I also am a lab person, I have two of each. Hubby runs his lab (or I should say will run once she learns to quiet down) and I run my pup in hunt tests. Our other two were too old when we tried to start them out. Belle our 8 year old lab tried to eat the birds, and Teddi our coming 5 golden, won't put a dead thing in her mouth.... GROSS!!!!!! Too bad she is a marking fool.


----------



## canine_mommy (Dec 27, 2010)

awww... A Red baby!!! Pretty girl


----------



## goldensrbest (Dec 20, 2007)

Hey, GREAT TO SEE, NIXIE, CAMBRIDGE IS A SISTER.


----------



## TrailDogs (Aug 15, 2011)

Thanks everyone.
Goldensrbest, I hope you are enjoying your girl Cambridge, these are nice pups.


----------



## Radarsdad (Apr 18, 2011)

Maxs Mom said:


> Welcome!!! I love red heads too but my newest addition is a blonde. Still have the pedigree I wanted though. LOL
> 
> I also am a lab person, I have two of each. Hubby runs his lab (or I should say will run once she learns to quiet down) and I run my pup in hunt tests. Our other two were too old when we tried to start them out. Belle our 8 year old lab tried to eat the birds, and Teddi our coming 5 golden, won't put a dead thing in her mouth.... GROSS!!!!!! Too bad she is a marking fool.

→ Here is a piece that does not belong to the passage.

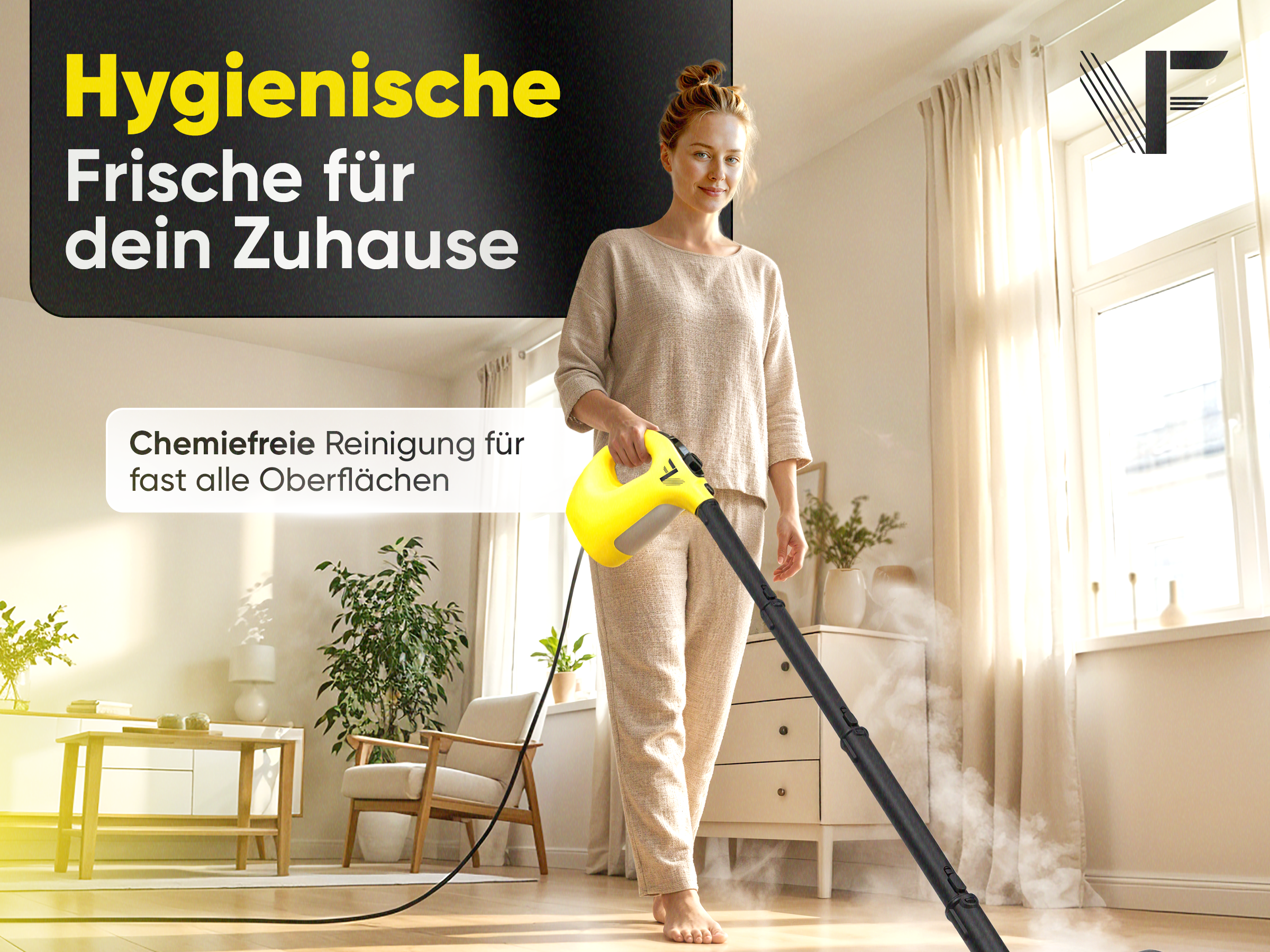 Ja, genau das ist der Vorteil! Der Dampfreiniger arbeitet ausschließlich mit heißem Wasserdampf – ganz ohne Chemikalien. So reinigst du hygienisch, umweltfreundlich und schonend für Oberflächen.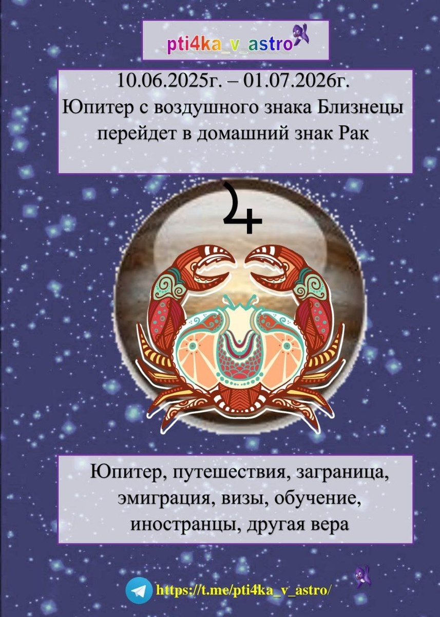♃♋ Юпитер в Раке С 10.06.2025г. 00:01:56 мск по 30.06.2025г. 08:52:04 мск ♃ Юпитер - планета законов, норм, правил, детей, обучения и духовности 🏠 Зашла в домашний, семейный и уютный знак Рак ♋ 🏡 На первое место выйдут темы: семьи, детей и Родины 🇷🇺 💸 Появится уверенность и желание, что-то делать для улучшение жилищно-бытовых условий и извлечения прибыли 💹 🏗️ Деятельность может быть связана со строительством, ремонтом, детьми, образованием, общепитом👩🍳 🌳 Будет развиваться семейный бизнес и работа на дому 📚Появится желание больше узнать о своих корнях и месте жительства 🦋 Появится возможность для проработки блоков, которые мешают идти уверенно по жизни 🐥 Предлагаю к просмотру ваши натальные карты по детским травмам и пути их исправления за 2508р. 🎁Можете воспользоваться за 1808 руб. 💸 Ваши и детей знания - это путь к финансовой свободе! 🐣 Предлагаю посмотреть "куда направить ребенка учиться" - 3508 руб. 🎁Можете узнать за 2508 рублей ☀️Предложение актуал

Shoot flyers and fresh dead birds and see if you can put him in a bird pen or a wing clipped pidgeon he has to chase.


----------



## hotel4dogs (Sep 29, 2008)

<hanging head in shame>
Sorry, I can't believe I missed this thread! Hi and welcome! I hope you will join us in the weekly training threads and let us know what you're working on with Nixie, and how you are progressing!
Thanks for the photos, what a lovely red girl.


----------



## Jige (Mar 17, 2011)

Hi and welcome!! Nixie is beautiful! Like everyone else said lots of great folks would good advice that train for hunt on this forum.


----------



## GoldenSail (Dec 30, 2008)

I agree with hotel4dogs I hope you join our training thread. Looks like you've had a few MH too so I hope you even might be of some help to a novice field trainers! Welcome!


----------